Cuando lo piensas con calma, te das cuenta de que querer convertirte en escritor a estas alturas de tu vida, en un país que no es el tuyo y en un lenguaje que pese a los años no logras dominar, es una idea ridícula. Y, sin embargo, no puedes quitarte de la cabeza la extravagante idea de llegar a los 60 habiendo conseguido cierto reconocimiento. O, por lo menos, una moderada aceptación del mundillo literario del que por el momento permaneces apartado, como uno de los tantos satélites que en el cuento rodean al planeta formando un hálito difuso, como una de las muchas estaciones-bar que, esperando la llegada del asteroide, orbitan la Tierra sin tocarla, alimentándose de los viajeros desesperados y fatalmente seducidos que han decidido abandonarla para siempre ante la inminencia del desastre.
Y sin embargo todavía no has conseguido nada. Con el transcurso de los meses se te hace más concreta la idea de que has pasado de ser un buen electricista a un escritor mediocre. Pese a que tienes un par de originales que te parecen aceptables, las editoriales a las que los has mandado no han visto en ellos nada rescatable. Una te mandó una carta de rechazo. La otra nunca te respondió. Stagnant Water, la novelita que has escrito apenas cambiar de oficio, no pasa de 140 páginas y te ha tomado cerca de tres meses de trabajo. While It Happens in the Backroom, el libro de cuentos, medio año. Como no puedes sacártela de la cabeza, has disfrazado a Laura con otro nombre y la has puesto como protagonista de la novela.
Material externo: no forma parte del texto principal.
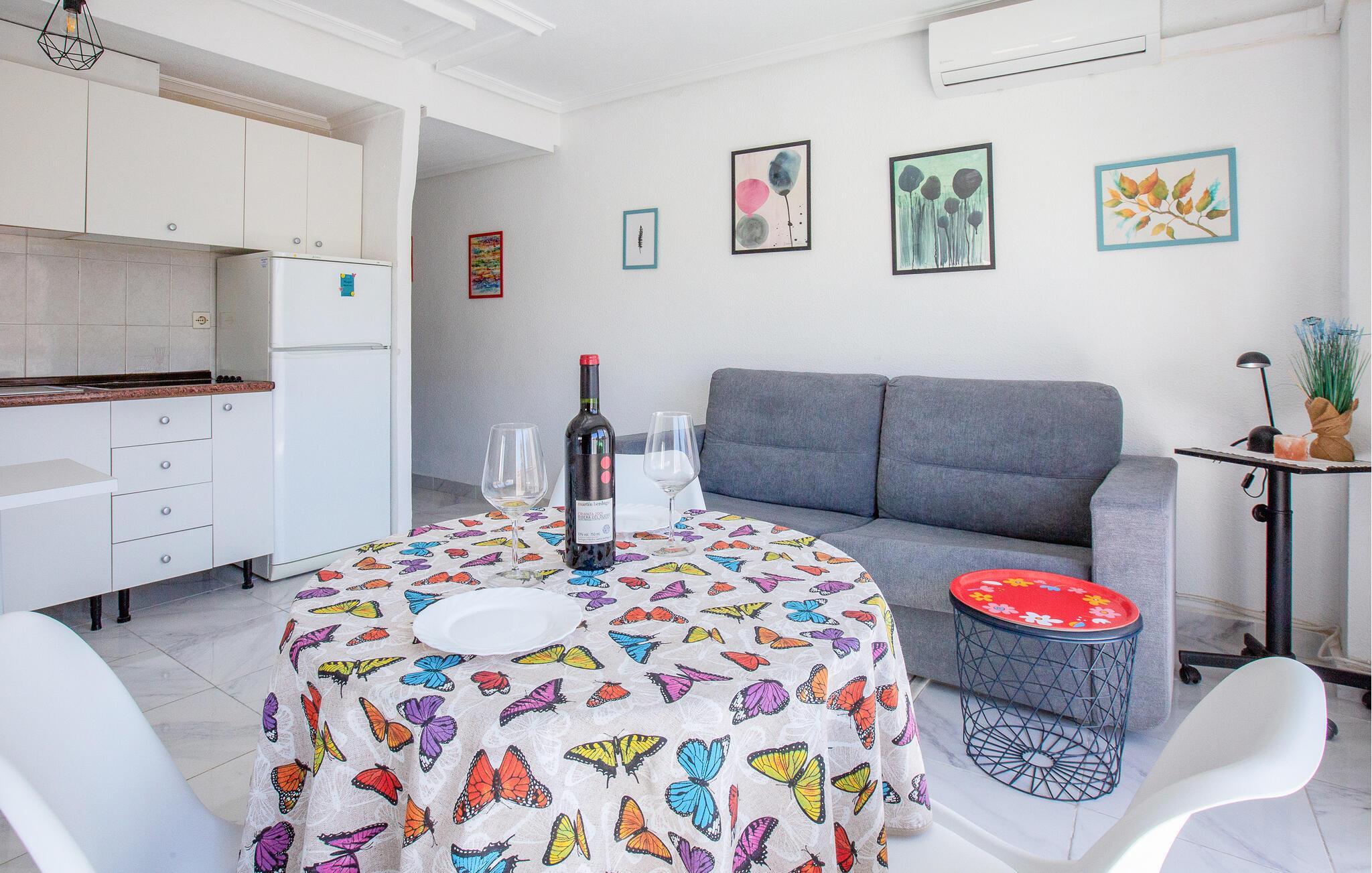 Hvis I er på udkig efter en hyggelig base til en hyggelig og aktiv ferie for to, er I kommet til det helt rette sted. Her bor I kun få minutters gang fra stranden, flere golfbaner og tennisanlæg i en lille og kompakt indrettet lejlighed med alle de faciliteter, I behøver for at slappe af før og efter dagens udflugter. Efter dagens muntre leg kan I tilberede en lækker aftensmad og flade ud i sofaen med hver jeres bog eller en god film, mens I lægger planer for de kommende dage.

Mientras piensas en ello, después de secarte y vestirte, y mientras te sientas frente al escritorio, Laura se aleja del edificio y camina lentamente por la calle. Hace sol y un viento ligero le roza los párpados y la punta de la nariz. Tiene todavía en la boca el sabor ferroso y mineral de tu sangre, y un minúsculo resto de costra pegado al labio superior. Laura piensa que, pese a todo, las cosas no han mejorado. Piensa que pese a tu cariño y tus atenciones le es muy difícil salir del estado de autoinfligido anonimato en que vive desde la muerte de Mario. La noche pasada soñó con el accidente, con la cabeza de su esposo que quebraba violentamente el parabrisas del Chevrolet e iba a estrellarse contra la puerta trasera del camión de la planta empacadora de carne. Mario volaba por el aire en cámara lenta y ella, a pesar de estar viéndolo todo y de saber cómo terminaba la historia, no podía hacer nada, no podía abrazar su cuerpo y detenerlo, no podía ni siquiera decirle que por favor no la dejara, que ella lo quería muchísimo, que no iba a saber qué hacer sin él. Cuando despertó, recuerda mientras sigue alejándose, sintió más que nunca la urgente necesidad de que Mario siguiera vivo. Desde el accidente nada había vuelto a ser igual. Era como si el mundo se hubiera vaciado de golpe, como si una súbita ingravidez hubiera desprovisto de peso a todas las cosas, que desde entonces no eran más que cáscaras vacías, fantasmas de algo hace mucho extraviado.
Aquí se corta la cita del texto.